Geeee, power napper, certainly you aren't encouraging anyone to lie are you? 

I, for one, am not qualified.







I don't have a law degree and I wasn't elected.


----------



## Robert Hawkins (May 27, 2005)

Hey, Hey, Hey. Some elected positions are there to serve the public. Nut you might bee right about the law degree.









Hawk


----------



## sqkcrk (Dec 10, 2005)

Who you calling Nut?


----------



## Joel (Mar 3, 2005)

"To me this is like saying that you can't be a state game warden/protector if you hunt. Doesn't make sense to me."

In the conflict of interest concept for the inspection program the problem is you have beekeepers who make their living at keeping bees inspecting beekeepers who make a living keeping bees and are both competing for the same revenues. As peggjam post points out a few possibilities many more exist.


----------



## sqkcrk (Dec 10, 2005)

"Competing for the same revenues." Really?

I recognize that what I have been doing is a conflict of interests, between being an Apiary Inspector and a Beekeeper. No argument there. 

But competing for the same revenue? Maybe, maybe not.

If I stop producing honey tomorrow, will that give someone else an opportunity to make more? Or for someone else to get more for their honey? 

The honey that I sold to the packers, will they pay more just because I drop out? Or if all of the Inspectors with bees drop out. I don't think so. Do you?

And what about the market that I have developed? The market that no one else was using for at least the first 10 years that I was around and am now into? Now that I have developed a local desire for local honey, I'm sure that someone else could step into my place if I dropped out. But no one is trying to now and there doesn't seem to be anyone willing or able to do what I have. In relation to marketing local honey to the North Country. Not near here anyway.

If I dropped out of pollination to the Champlain Valley, that would knock out about 400 colonies from me for 4 orchards. Anybody want that? Let me know. The guys that I pollinate with would have told me if anyone had been snooping around looking for pollination work.

Rick Drutchess, from VT, asked me a couple of weeks ago if I wanted more pollination work in the Camplain Valley. I guess he's looking to cut back on his obligations.

For the amount of honey production that I loose, going to the ochards, I don't know if it is all that profitable.

If I dropped out, then out of state pollinators would fill in to some of that work. Andy Card pollinates the home orchard of one of my "contracts", so maybe he would fill in there. Not that he is an out of stater anymore, really.

So, my point is that if my being a Beekeeper is keeping someone else from being able to make a living at beekeeping, I just don't see it.

And if my being an Apiary Inspector is keeping anyone from being an Apiary Inspector, that sure ain't the case. We can't find enough people willing to do the job.

So, "C o' I"? Sure.

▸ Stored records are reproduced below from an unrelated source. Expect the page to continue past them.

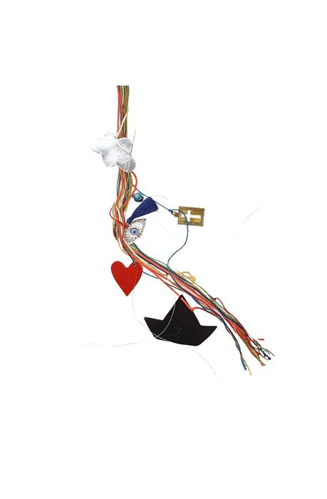 Με κρεμαστά στοιχεία, σταυρό, σύννεφο, καρδιά, καράβι και μάτι.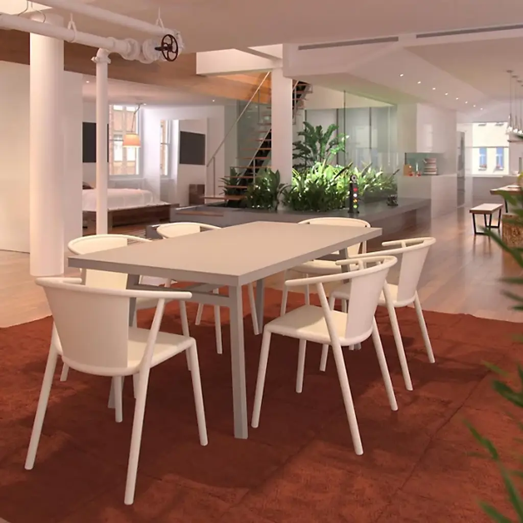 Introduce the Steely Armchair - Set of 4 into your living space, be it a living room, bedroom, or office for a modern, utilitarian appeal. As a versatile piece, this armchair blends effortlessly with different decoration styles. This accent chair, designed and manufactured by Resol in Spain, is crafted from robust polypropylene, offering longevity. Despite its lightweight construction, this lounge chair is weather-resistant, suitable for both indoor and outdoor settings, making it a crucial addition to garden, terrace, balcony, or dining room.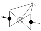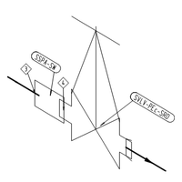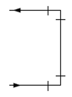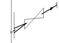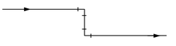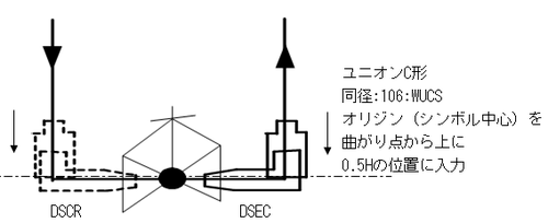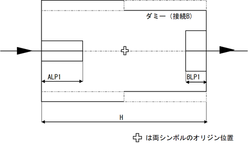 入出の接続形式の異なる部品については、シンボルを本体部分とダミー部分に分けて、それぞれを以下のように下流側のオリジンを0.1mm下流側にずらして入力し、両部品の下流の端点を合わせるため、下流側の部品の端端長をH-0.2mmに設定します。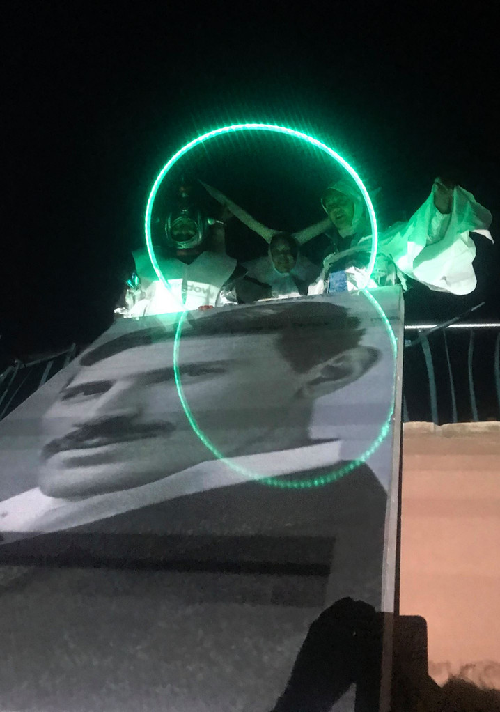 Dancers above the giant picture of Nikola Tesla.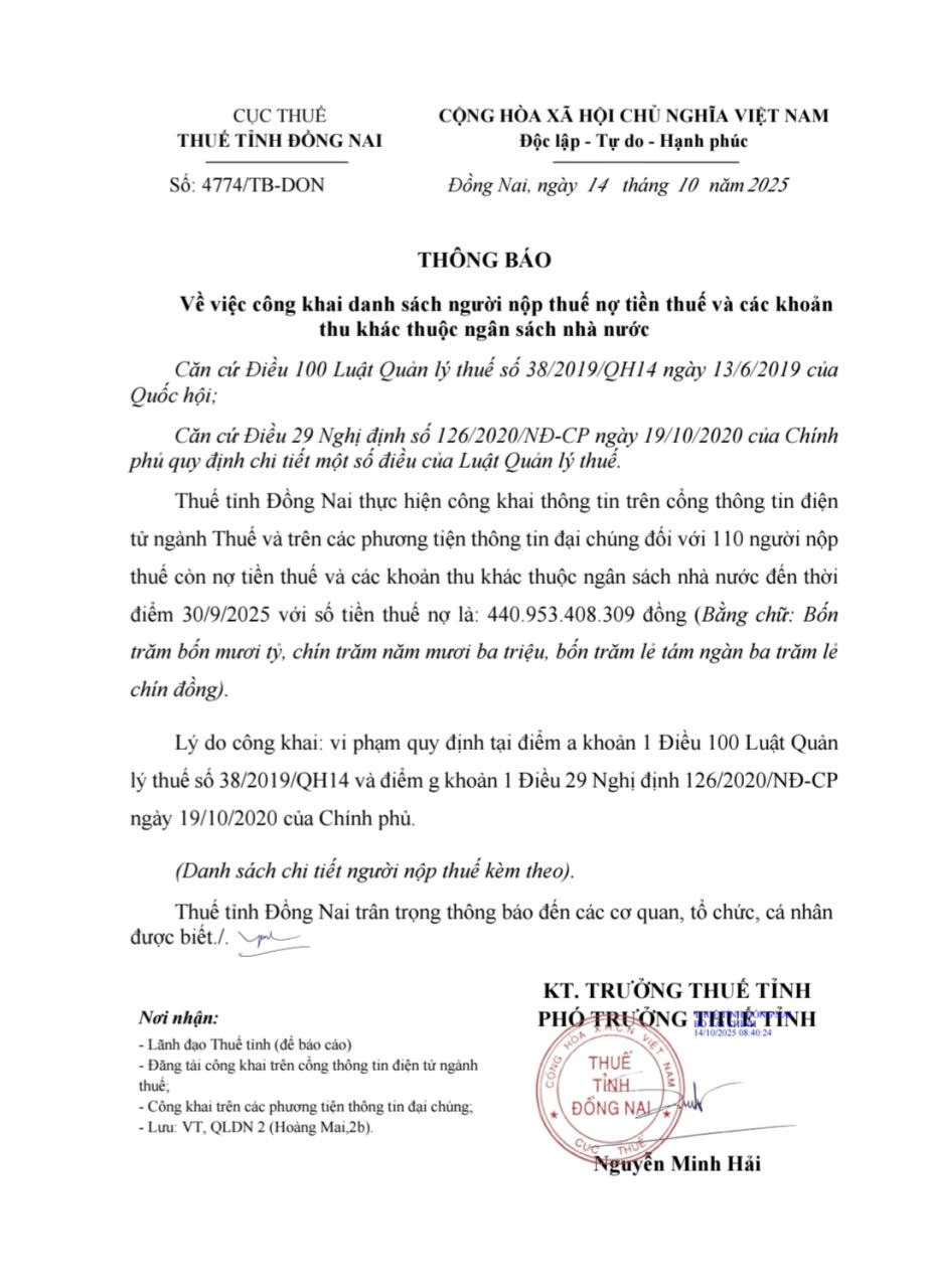 Đáng chú ý, Công ty TNHH Khu đô thị Phú Hội "đứng đầu" danh sách với số nợ thuế hơn 91,4 tỷ đồng. Tiếp đến là các doanh nghiệp có số nợ thuế lớn như: Công ty CP Đầu tư Boss City nợ 62,5 tỷ đồng; Công ty CP Tập đoàn Địa ốc Kim Oanh nợ 61,1 tỷ đồng; Công ty CP Công trình giao thông Đồng Nai nợ 55,7 tỷ đồng; Công ty CP Tập đoàn Tân Mai nợ hơn 30 tỷ đồng; Công ty TNHH Re Xam A.B.M (hơn 18,4 tỷ đồng); Công ty CP Việt Bo Việt (13,7 tỷ đồng); Công ty CP Xuất nhập khẩu Vi Na Đại Việt (11 tỷ đồng); Công ty CP Tân Vĩnh Cửu (10,4 tỷ đồng); Công ty TNHH Thuận Lợi Hưng Thịnh (10,3 tỷ đồng); Công ty TNHH Đức Phát (10 tỷ đồng)... Các đơn vị còn lại có số tiền thuế nợ dưới 10 tỷ đồng.

In the literal sense of the word. In competition with other beekeepers? Show me how and how that is negatively effecting other beekeepers. 

And let's not talk hypotheticals. Let's talk real situations, now. And other real situations that have happened and how they were resolved.

I'd like the Inspectors to be the best, most interested, most up to date persons available. 

Perhaps it's too bad that those people just happen to feel that they have to keep bees in order to do Apiary Inspection and Beekeeping in order to keep their families standard of living above the poverty level. If that's not being to dramatic. 

In other words, if I had a job with the security that it would be there the next season, and I could afford to just take the unemployment, I never would have had more than just a few colonies of bees. Especially if it had been spelled out to me that I couldn't.


----------



## sqkcrk (Dec 10, 2005)

Isn't an Apiary Inspector/Beekeper more of a symbiotic relationship with other beekeepers, as long as the Inspector/Beekeeper doesn't abuse hers/his "authority"? By symbiotic, I mean a position of helping, aiding and protecting the industry?

I'm been accused of being nieve before, maybe this is the case here, too. But maybe it doesn't matter, anyway.


----------



## peggjam (Mar 4, 2005)

Mark

You know the cases of abuse in the NYS inspection program better than anybody here. You know how the inspectors abuse their position of power over other beekeepers in the state. I'm not saying that all inspectors were abusive of their powers, but there were some............

Have you gotten your letter from the state yet??


----------



## sqkcrk (Dec 10, 2005)

No letter in todays mail. I'll have to wait another day. I am up here in the hinterland where the Pony Express takes a little longer and the canals require alot of locks to get up to our elevation.

As far as the cases of abuse are concerned, I "know" of some, but not many. 

I could repeat the tales or rumors that I have heard. But other than the former Apiary Inspector who has been known to sell AFB, I don't think that I will participate in speculation.

For the most part the problem Inspectors have been relieved of their position for infractions against the State, not the beekeepers. 

That, as well as potential beekeeper abuse, is why good supervision is needed. With fewer Inspecdtors covering wider territories, I will predict more chances of abuse of the program, and not the beekeepers. Less close supervision will allow more chances for padding production reports. In my opinion.


----------



## Joel (Mar 3, 2005)

Mark, you make some very good points. Is what I read in your post saying that there is no longer acutal competition in the current industry. Are we an industry that has reached the point due to declining beekeepers that competition is no longer an issue. I'd like to explore this concept futher if that is what you are saying, it may be true. 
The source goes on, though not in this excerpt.